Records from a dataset
..........

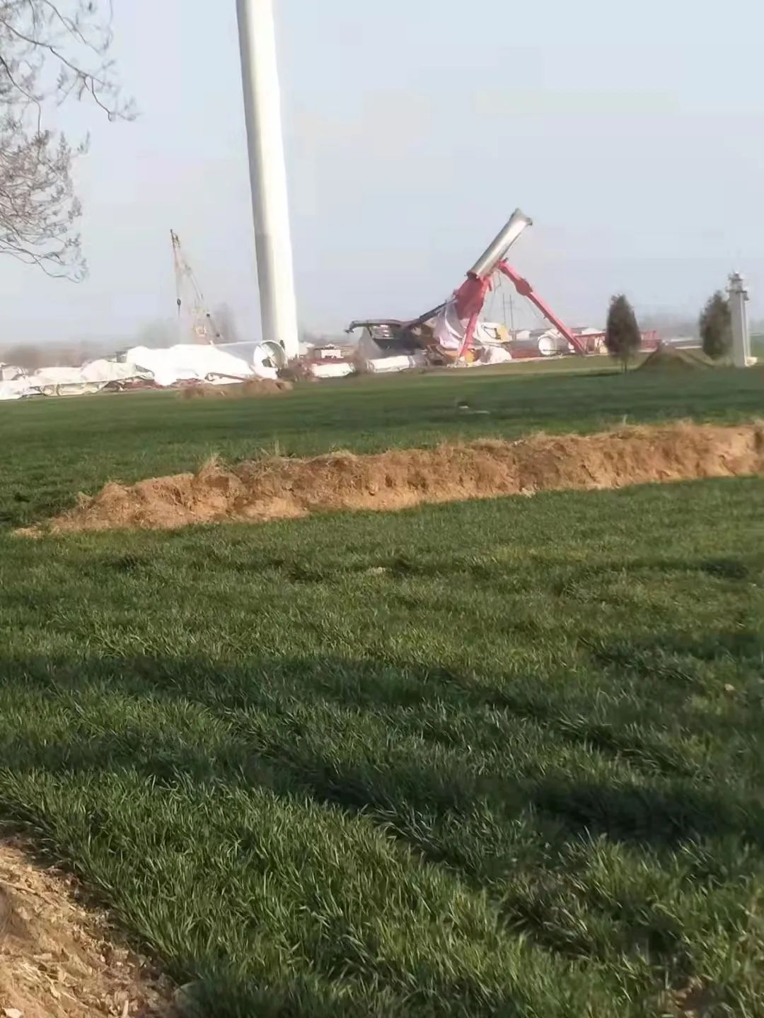 當(dāng)時吊裝的機組已墜落,二節(jié)臂已經(jīng)出現(xiàn)折損,超起吊臂再向前方到下,引發(fā)前端吊臂的90度折臂分離,整車也失去重心,向前方倒下...。眼睜睜看著800噸吊車倒下,我卻無能為力這是當(dāng)時現(xiàn)場人員的自述,還有下面拍下的現(xiàn)場照片。
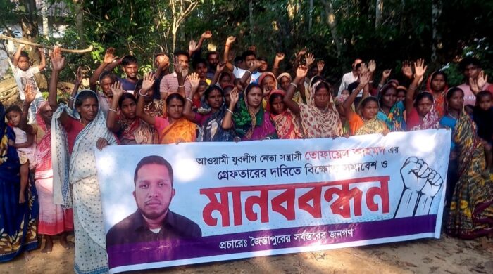 মানববন্ধনে অংশ নেওয়া এলাকাবাসীদের অভিযোগ, আওয়ামী লীগ সরকার ক্ষমতায় থাকাকালে তোফায়েল আহমদ দীর্ঘ সময় ধরে সাধারণ মানুষের উপর চাঁদাবাজি, হয়রানি ও নির্যাতন চালিয়েছেন। তারা দাবি করেন, স্থানীয় অনেক নারী-পুরুষ তার সন্ত্রাসী কর্মকাণ্ডের শিকার হয়েছেন।
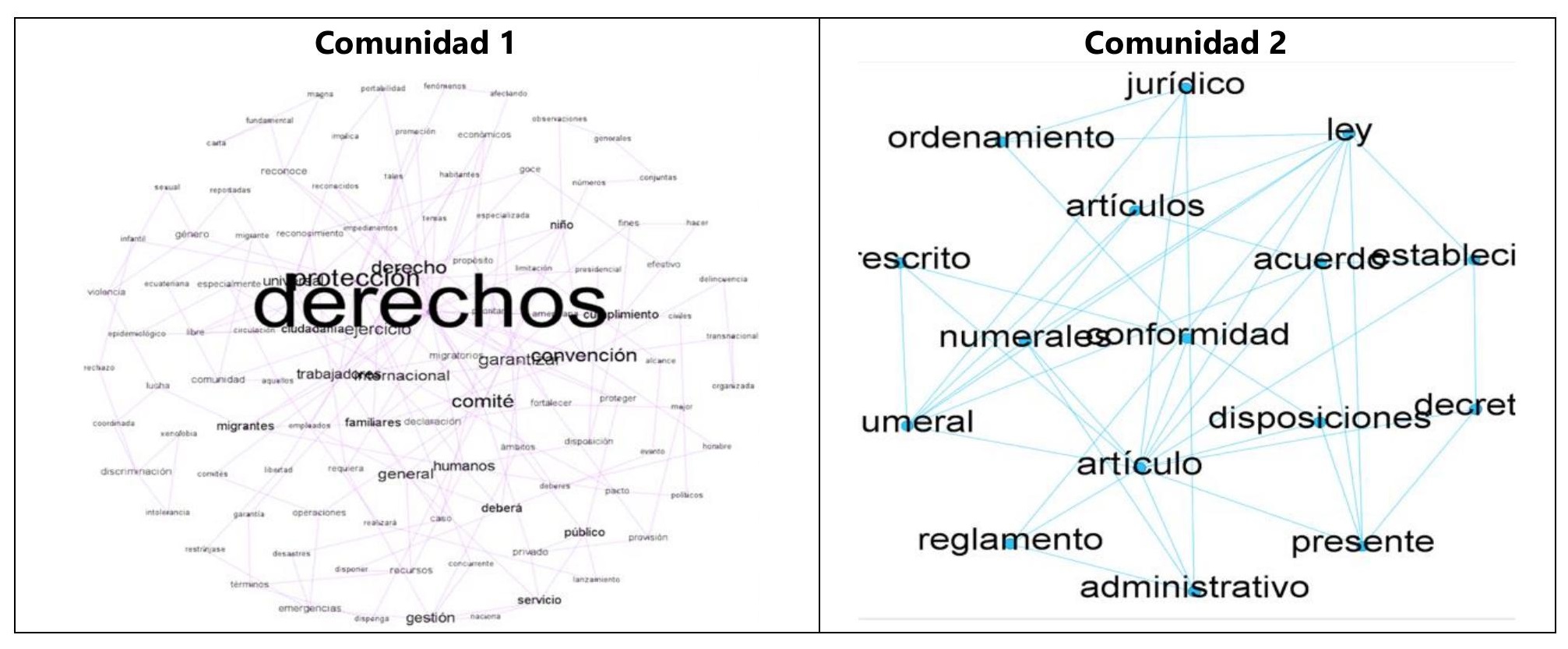 En complemento con dicha mirada, se realizó un análisis de redes del conjunto de normas, leyes y decretos sobre migración emitidos en los tres países en el período que va de 2015 a 2020. Una vez que se tiene una base de datos textual, se utiliza la conectividad de las palabras a partir de la secuencialidad que tienen estas en los documentos. En otros términos, este análisis nos permitió identificar algunas de las palabras más importantes en el conjunto de documentos que sirvieron de base para el análisis de las principales decisiones en materia migratoria. Para ello se diseñó un algoritmo heurístico conocido como “Tabú”. A partir del resultado obtenido por este algoritmo, se garantiza que la red contenga las entidades (en este caso las palabras), que dan sentido a los documentos utilizados por la investigación. El producto final, luego de este análisis de redes, son las comunidades, que nos ayudaron a ubicar y graficar los términos relevantes en la lectura detallada del corpus normativo que constituye nuestra fuente de información[2].
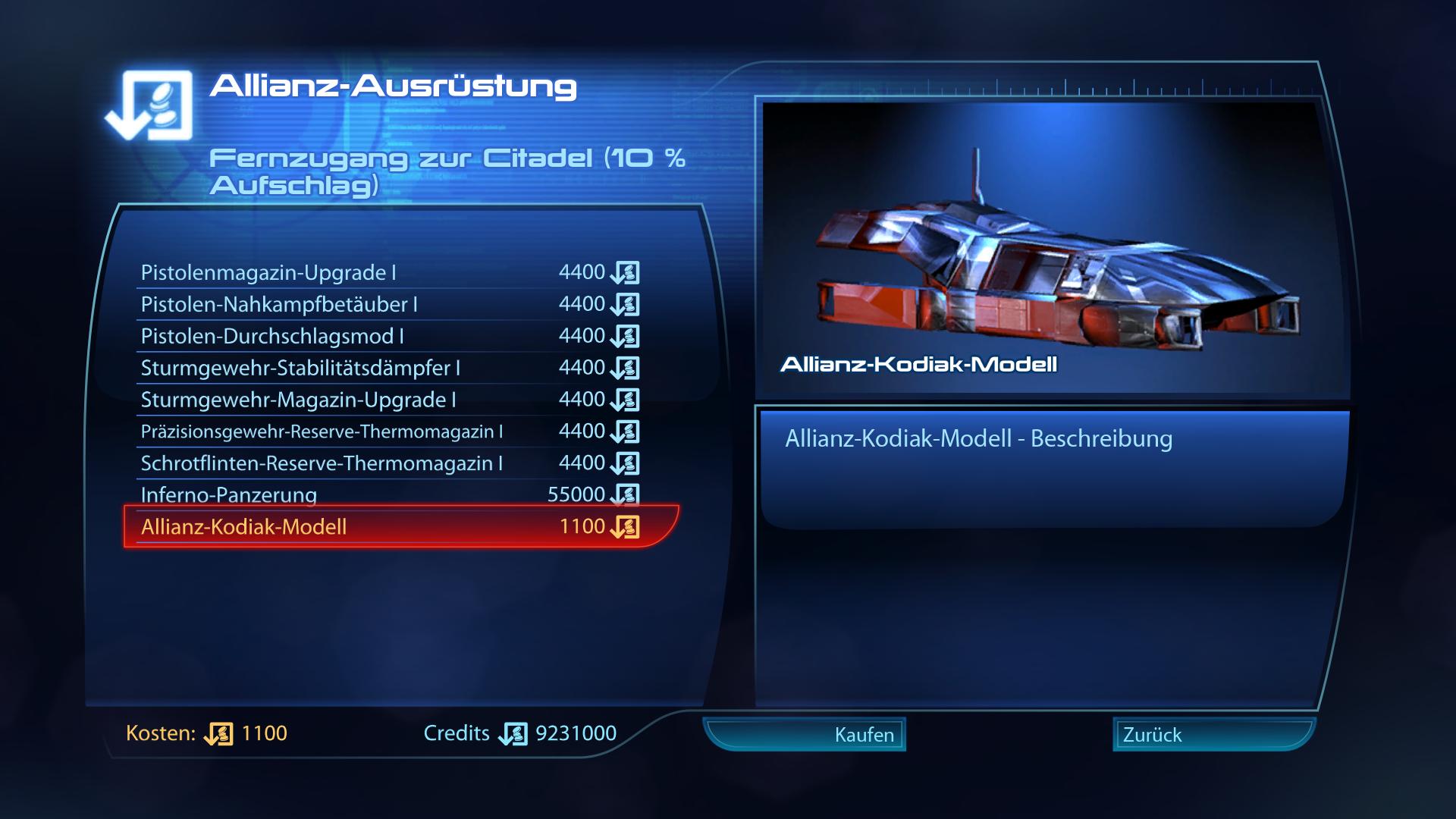 Fundort:Das Allianz-Kodiak-Shuttle-Modell könnt ihr im Anschluss an die "Priorität: Citadel (I)" Mission bei Kassa Fabrication oder mit 10% Aufpreis am Nachschub-Terminal der Normandy kaufen.
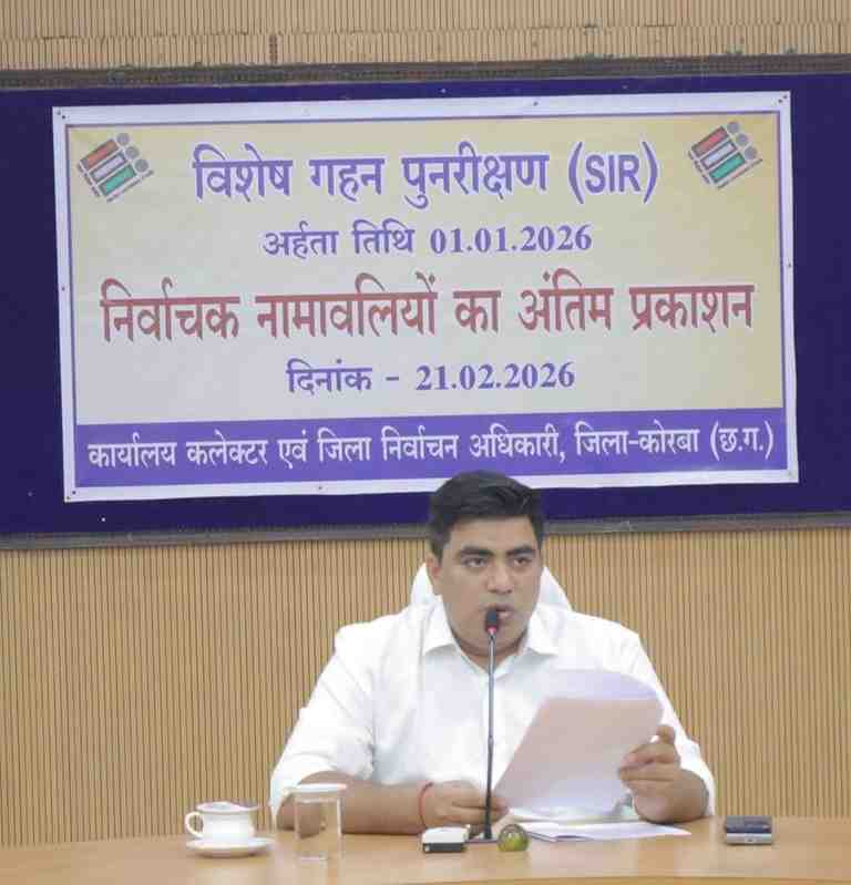 कोरबा, 21 फरवरी 2026/ भारत निर्वाचन आयोग के दिशा-निर्देशों के अनुरूप जिला कोरबा में अर्हता तिथि 1 जनवरी 2026 के संदर्भ में विशेष गहन पुनरीक्षण (SIR) का कार्य सफलतापूर्वक संपन्न कर लिया गया है। आज शनिवार, 21 फरवरी 2026 को कलेक्टर एवं जिला निर्वाचन अधिकारी श्री कुणाल दुदावत की अध्यक्षता में आयोजित बैठक में मान्यता प्राप्त राजनीतिक दलों के प्रतिनिधियों और निर्वाचन अधिकारियों की उपस्थिति में मतदाता सूची का अंतिम प्रकाशन किया गया।
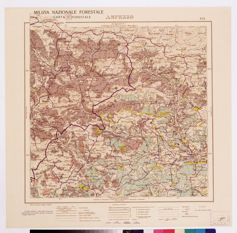 "...MILIZIA NAZIONALE FORESTALE CARTA FORESTALE Autore Milizia forestale. Rappresentazione orografica a curve di livello. Tipologia policroma. Editore I.G.M. di Firenze."
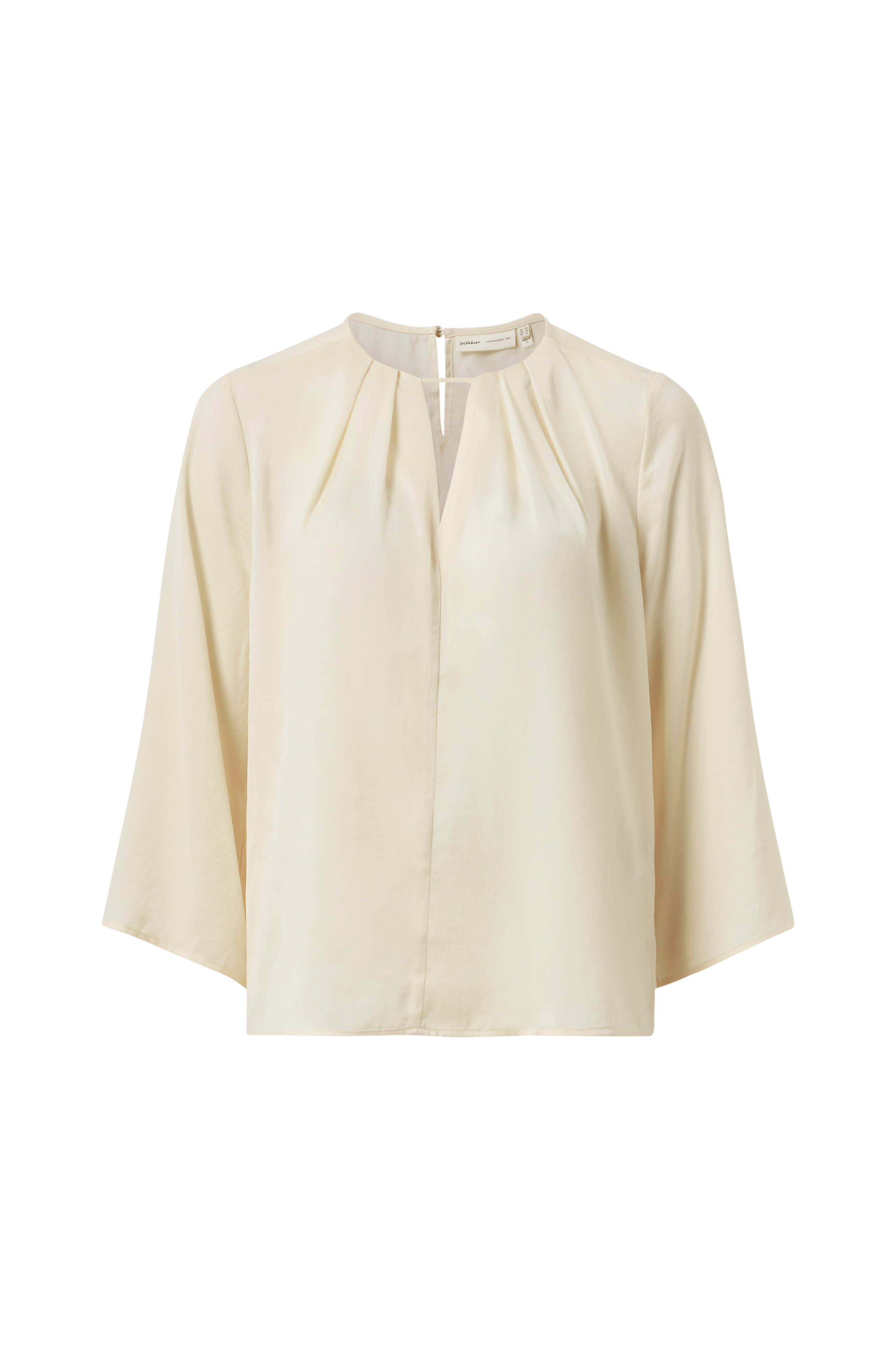 • Rak, vid modell i satin• Rund hals med sprund och veck fram• Knapp i nacken• Vid, 3/4-lång ärm
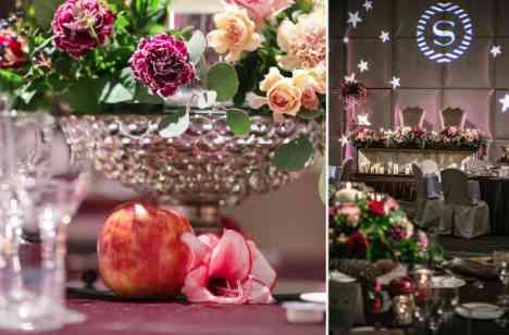 日比谷花壇のエグゼクティブフローリストにデザインを依頼。 赤やくすみピンクを中心とした装花に、林檎や葡萄など本物の果物を置いたコーディネート。THE CLUB Fujiの会場に合わせて、背の高い装花と低い装花を組み合わせて立体的な印象に。ふわっとした装花のイメージを想像以上のクオリティで具現化してくれたフローリストさんにはとても感謝しています。
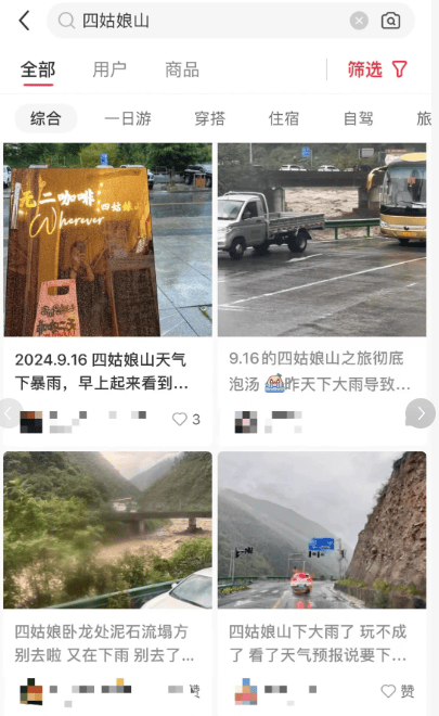 多位网友发帖称,去四姑娘山的道路因泥石流封闭不得不返程。网络图
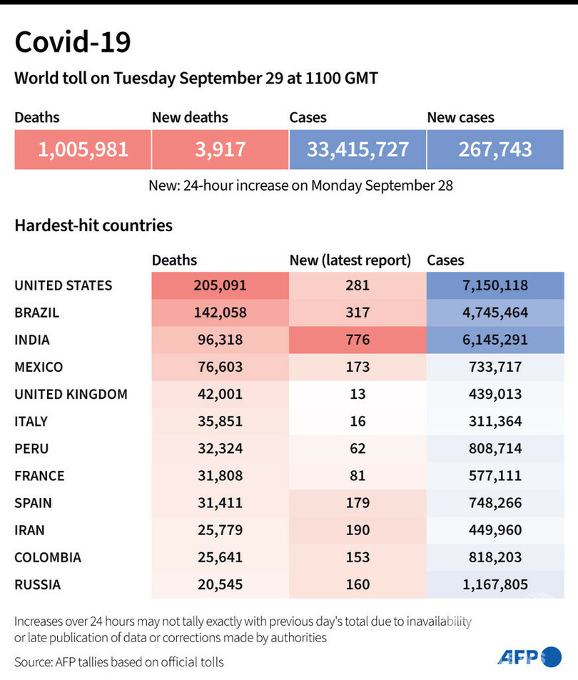 【9月30日 AFP】AFPが各国当局の発表に基づき日本時間29日午後8時にまとめた統計によると、世界の新型コロナウイルスによる死者数は100万5981人に増加した。
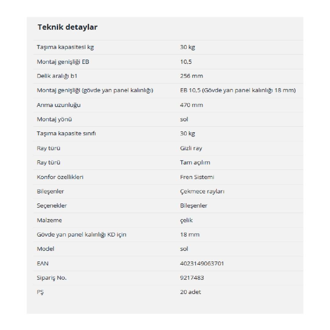 Hettich Atira Tam Açılım Frenli Ray 47mm Sol(9217483)
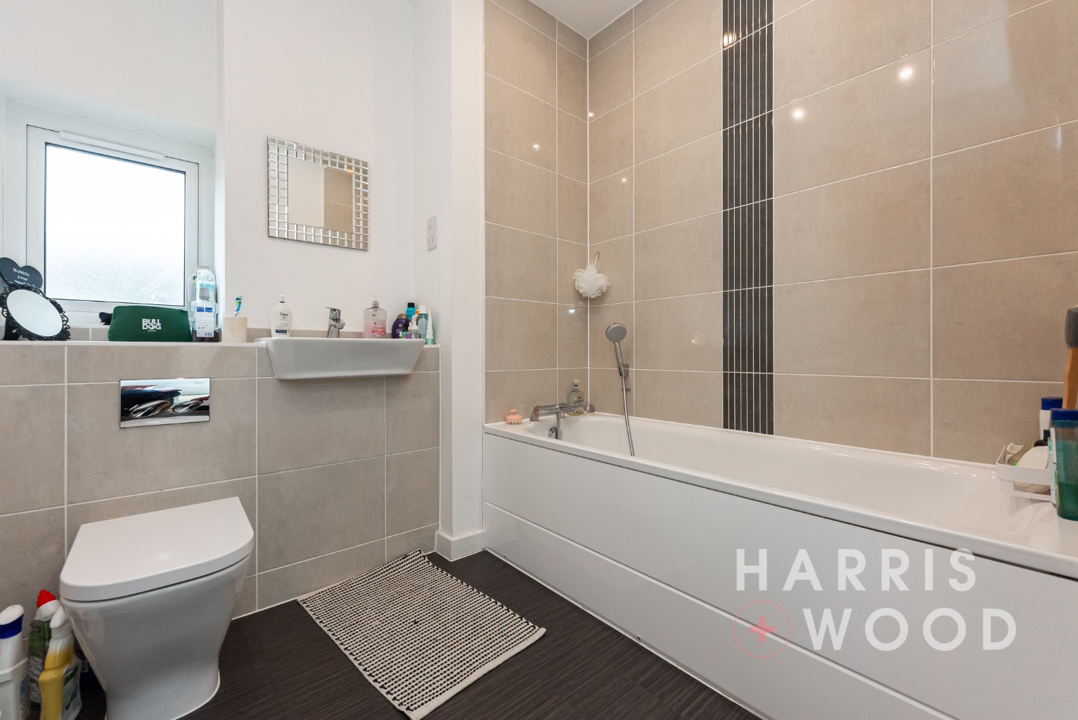 Double glazed window, low level WC, wash hand basin, bath with shower over, radiator
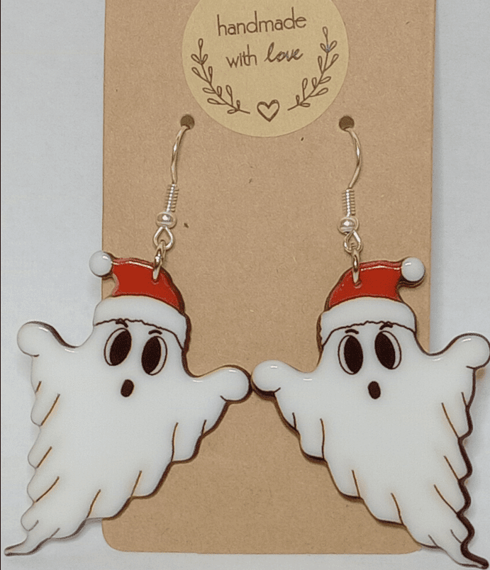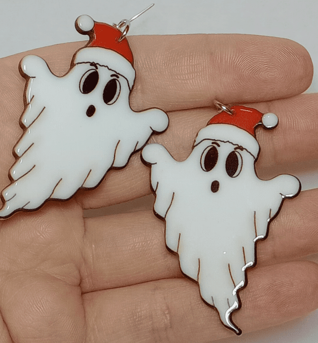 Playful, spooky, and full of festive charm, these Christmas Ghost Earrings are a fun choice for anyone looking for cute holiday earrings with a ghostly twist. Each earring features a white ghost design with dark eyes, soft flowing edges, and a bright red Santa hat that gives the pair a cheerful Christmas feel. These dangling ghost earrings feel light and easy to wear, whether you’re styling them with casual winter outfits, holiday party looks, or adding a little spooky season energy to December. They’re especially fun for anyone who loves Halloween inspired Christmas earrings, festive ghost jewelry, or accessories that feel quirky and a bit cheeky. A spirited little pair that is here for the holiday haunt.
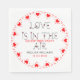 Cute red hearts circle with typography design-Love is in the air, customisable Valentines party paper napkin template.

..........

What you need to do
Word for word, print out all of the records above; pass over the pictures.

Reply
 當(dāng)時吊裝的機組已墜落,二節(jié)臂已經(jīng)出現(xiàn)折損,超起吊臂再向前方到下,引發(fā)前端吊臂的90度折臂分離,整車也失去重心,向前方倒下...。眼睜睜看著800噸吊車倒下,我卻無能為力這是當(dāng)時現(xiàn)場人員的自述,還有下面拍下的現(xiàn)場照片。
 মানববন্ধনে অংশ নেওয়া এলাকাবাসীদের অভিযোগ, আওয়ামী লীগ সরকার ক্ষমতায় থাকাকালে তোফায়েল আহমদ দীর্ঘ সময় ধরে সাধারণ মানুষের উপর চাঁদাবাজি, হয়রানি ও নির্যাতন চালিয়েছেন। তারা দাবি করেন, স্থানীয় অনেক নারী-পুরুষ তার সন্ত্রাসী কর্মকাণ্ডের শিকার হয়েছেন।
 En complemento con dicha mirada, se realizó un análisis de redes del conjunto de normas, leyes y decretos sobre migración emitidos en los tres países en el período que va de 2015 a 2020. Una vez que se tiene una base de datos textual, se utiliza la conectividad de las palabras a partir de la secuencialidad que tienen estas en los documentos. En otros términos, este análisis nos permitió identificar algunas de las palabras más importantes en el conjunto de documentos que sirvieron de base para el análisis de las principales decisiones en materia migratoria. Para ello se diseñó un algoritmo heurístico conocido como “Tabú”. A partir del resultado obtenido por este algoritmo, se garantiza que la red contenga las entidades (en este caso las palabras), que dan sentido a los documentos utilizados por la investigación. El producto final, luego de este análisis de redes, son las comunidades, que nos ayudaron a ubicar y graficar los términos relevantes en la lectura detallada del corpus normativo que constituye nuestra fuente de información[2].
 Fundort:Das Allianz-Kodiak-Shuttle-Modell könnt ihr im Anschluss an die "Priorität: Citadel (I)" Mission bei Kassa Fabrication oder mit 10% Aufpreis am Nachschub-Terminal der Normandy kaufen.
 कोरबा, 21 फरवरी 2026/ भारत निर्वाचन आयोग के दिशा-निर्देशों के अनुरूप जिला कोरबा में अर्हता तिथि 1 जनवरी 2026 के संदर्भ में विशेष गहन पुनरीक्षण (SIR) का कार्य सफलतापूर्वक संपन्न कर लिया गया है। आज शनिवार, 21 फरवरी 2026 को कलेक्टर एवं जिला निर्वाचन अधिकारी श्री कुणाल दुदावत की अध्यक्षता में आयोजित बैठक में मान्यता प्राप्त राजनीतिक दलों के प्रतिनिधियों और निर्वाचन अधिकारियों की उपस्थिति में मतदाता सूची का अंतिम प्रकाशन किया गया।
 "...MILIZIA NAZIONALE FORESTALE CARTA FORESTALE Autore Milizia forestale. Rappresentazione orografica a curve di livello. Tipologia policroma. Editore I.G.M. di Firenze."
 • Rak, vid modell i satin• Rund hals med sprund och veck fram• Knapp i nacken• Vid, 3/4-lång ärm
 日比谷花壇のエグゼクティブフローリストにデザインを依頼。 赤やくすみピンクを中心とした装花に、林檎や葡萄など本物の果物を置いたコーディネート。THE CLUB Fujiの会場に合わせて、背の高い装花と低い装花を組み合わせて立体的な印象に。ふわっとした装花のイメージを想像以上のクオリティで具現化してくれたフローリストさんにはとても感謝しています。
 多位网友发帖称,去四姑娘山的道路因泥石流封闭不得不返程。网络图
 【9月30日 AFP】AFPが各国当局の発表に基づき日本時間29日午後8時にまとめた統計によると、世界の新型コロナウイルスによる死者数は100万5981人に増加した。
 Hettich Atira Tam Açılım Frenli Ray 47mm Sol(9217483)
 Double glazed window, low level WC, wash hand basin, bath with shower over, radiator
 Playful, spooky, and full of festive charm, these Christmas Ghost Earrings are a fun choice for anyone looking for cute holiday earrings with a ghostly twist. Each earring features a white ghost design with dark eyes, soft flowing edges, and a bright red Santa hat that gives the pair a cheerful Christmas feel. These dangling ghost earrings feel light and easy to wear, whether you’re styling them with casual winter outfits, holiday party looks, or adding a little spooky season energy to December. They’re especially fun for anyone who loves Halloween inspired Christmas earrings, festive ghost jewelry, or accessories that feel quirky and a bit cheeky. A spirited little pair that is here for the holiday haunt.
 Cute red hearts circle with typography design-Love is in the air, customisable Valentines party paper napkin template.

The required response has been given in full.